Elementary School Making Sure Kids Don't Go Hungry By Rescuing Food Waste

Of all the no-brainer good ideas out there, feeding hungry kids ought to be up there with fire departments and hospitals.

Whatever the situation, it's not the kid's fault if they don't get enough to eat. And going hungry unleashes a horror show of domino effects for kids.

Hunger in kids has been studied extensively, and it all shows that it's an awful, awful situation.

Unsplash | pan xiaozhen

Malnutrition sets back growth and development, both physically and intellectually, as well as leaving kids with weakened immune systems. What's more, the stress created by going hungry also wreaks havoc, especially where learning and brain development are concerned.

Simply put, all kids need access to good, healthy food.

Generally speaking, schools do the best they can.

Understanding that hungry kids usually can't focus on learning, schools will usually either offer food in the cafeteria or have snack programs to make sure kids get some nutrition during the day.

At Woodland Elementary in Elkhart, Indiana, kids get both breakfast and lunch. And now, kids in need there won't have to worry so much about what to eat when they're at home.

That's because of a pilot program at the school that seeks to rescue food from being wasted.

Facebook | Elkhart Community Schools

Woodland Elementary has partnered with a local non-profit called Cultivate, which goes around to restaurants, catering services, and even school cafeterias, to gather perfectly good, never-served food that would otherwise be wasted and turn it into meals for people in need.

"Mostly we rescue food that's been made but never served by catering companies, large food service businesses, like the school system," said Cultivate's president, Jim Conklin.

YouTube | Cultivate Culinary

"You don't always think of a school. Over-preparing is just part of what happens. We take well-prepared food, combine it with other food and make individual frozen meals out of it," he told WSBT.

Woodland was one of the schools Cultivate would source some of their food from.

YouTube | Cultivate Culinary

"At Elkhart Community Schools, we were wasting a lot of food," Natalie Bickel of student services said. "There wasn't anything to do with the food. So they came to the school three times a week and rescued the food."

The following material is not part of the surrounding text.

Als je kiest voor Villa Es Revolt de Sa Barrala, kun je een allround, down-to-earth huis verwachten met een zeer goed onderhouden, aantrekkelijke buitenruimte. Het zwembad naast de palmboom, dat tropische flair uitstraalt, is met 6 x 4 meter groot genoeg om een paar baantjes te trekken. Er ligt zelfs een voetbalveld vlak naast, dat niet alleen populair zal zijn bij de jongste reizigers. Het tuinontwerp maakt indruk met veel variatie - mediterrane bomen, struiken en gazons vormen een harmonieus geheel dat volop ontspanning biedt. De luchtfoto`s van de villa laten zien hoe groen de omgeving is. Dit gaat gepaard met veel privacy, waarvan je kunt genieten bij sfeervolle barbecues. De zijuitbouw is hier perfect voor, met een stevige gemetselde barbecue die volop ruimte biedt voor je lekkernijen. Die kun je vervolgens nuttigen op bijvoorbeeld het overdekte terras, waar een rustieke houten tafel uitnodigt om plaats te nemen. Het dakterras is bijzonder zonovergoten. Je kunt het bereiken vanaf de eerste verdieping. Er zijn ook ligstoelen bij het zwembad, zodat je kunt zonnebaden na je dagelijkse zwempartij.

Now, some of that would-be waste will be going home with some students.

In the pilot program, the focus is on making sure kids have something good to eat outside school hours.


So, every Friday for the rest of the school year, 20 kids will take home a backpack containing eight individually frozen meals, prepared from rescued food by Cultivate, to eat over the weekend.

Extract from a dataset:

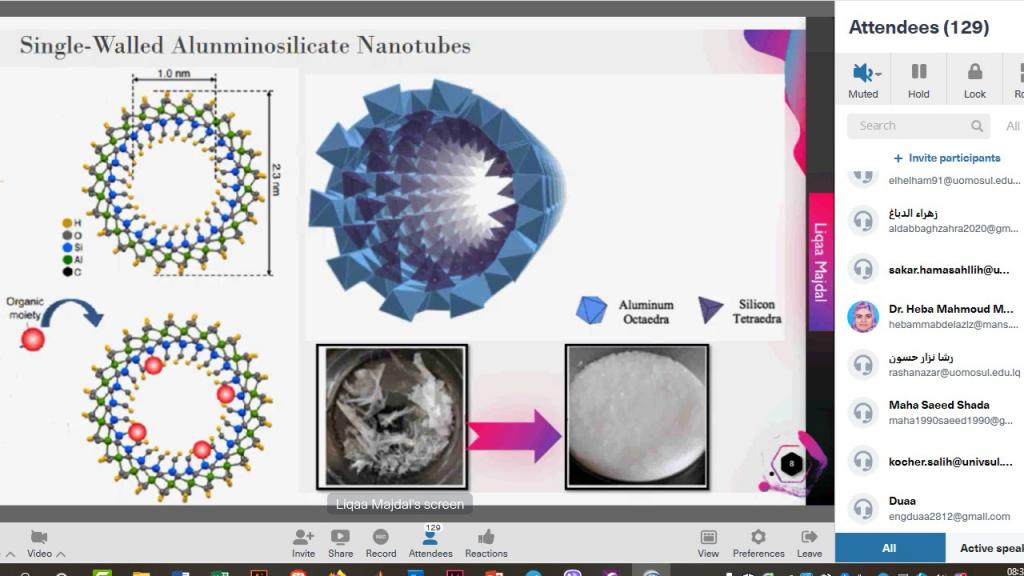 ضمن النشاطات العلمية الدولية التي تقدمها كلية التربية للبنات، وبرعاية الاستاذ الدكتور نبيل عبدالكاظم صاحب وزير التعليم العالي والبحث العلمي المحترم، وبإشراف الاستاذ الدكتور قصي كمال الدين الأحمدي رئيس جامعة الموصل المحترم، أقام قسم الكيمياء / كلية التربية للبنات المؤتمر الدولي العلمي الافتراضي الثاني لعلم النانوتكنلوجي وتطبيقاته، والموسوم بـ”نسعى لعلم النانو وتطبيقاته من أجل غدٍ أفضل”، وذلك يومي الاربعاء والخميس الموافقان 10-11 شباط 2021، وبمشاركة دولية من اساتذة اختصاص من مختلف جامعات الدول العربية والعراقية، تناول المؤتمر المجالات (الطبية، الهندسية، العلوم التطبيقية، الصناعية، الزراعية)، افتتح المؤتمر الاستاذ الدكتور منير سالم طه البدراني مساعد رئيس الجامعة للشؤون العلمية بكلمة ترحيبية بالسيدات والسادة المشاركين، بعدها بدأت فعاليات المؤتمر وحسب المنهج المرفق، وفي اليوم الثاني والاخير للمؤتمر ألقت الاستاذ المساعد الدكتورة ابتهاج زكي سليمان (رئيس قسم الكيمياء) التوصيات التي خَلُص لها المؤتمر:1- ضرورة الاهتمام بزيادة الوعي بأهمية علم النانوتكنولوجي فى المحافل الدولية من اجل تبادل الخبرات بين الباحثين العرب والأجانب سواء بأبحاث علمية أو محاضرات عامة . / وزارة التعليم العالي والبحث العلمي.2- إقامة الموتمرات والندوات الدولية والمحلية دورياً للاستفادة من نتائج الأبحاث التى استخدمت علم النانو فيها وخاصة في مجالات الطب والصناعة / وزارة التعليم العالي والبحث العلمي ووزارة الصحة ووزارة الصناعة.3- ضرورة ادخال تقنية النانو في المناهج الدراسية للمراحل الاولية والعليا لما لهذه التقنية من مستقبل وباعتبارها من اهم مميزات تقنية المستقبل / وزارة التعليم العالي والبحث العلمي.4- الدعوة إلى إقامة المؤتمر العلمي الدولي الثالث لعلم النانوتكنولوجي وتطبيقاته في كلية العلوم للبنات/ جامعة بغداد.ومن الجدير بالذكر ان المؤتمر المذكور هو أول مؤتمر علمي دولي باختصاص النانوتكنلوجي يعقد في جامعة الموصل.
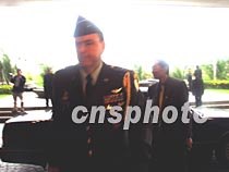 美國駐華使館武官席樂高準將十二日凌晨秘密離開?谖娜A大酒店,送別美方機組人員后又回到酒店。中新社記者 莫成雄 攝

The local Chamber of Commerce also deserves some credit for getting the pilot program off the ground.


And they're happy they did. "It's making a big impact," said the Chamber's Melissa Ramey. "I am proud of that. It was heartbreaking to hear that children go home on the weekends and that they don't have anything to eat."

School officials in Elkhart are understandably excited about the program.

Facebook | Elkhart Community Schools

Even before the school year is out, the Elkhart school system is already looking at expanding the program to other schools in the area.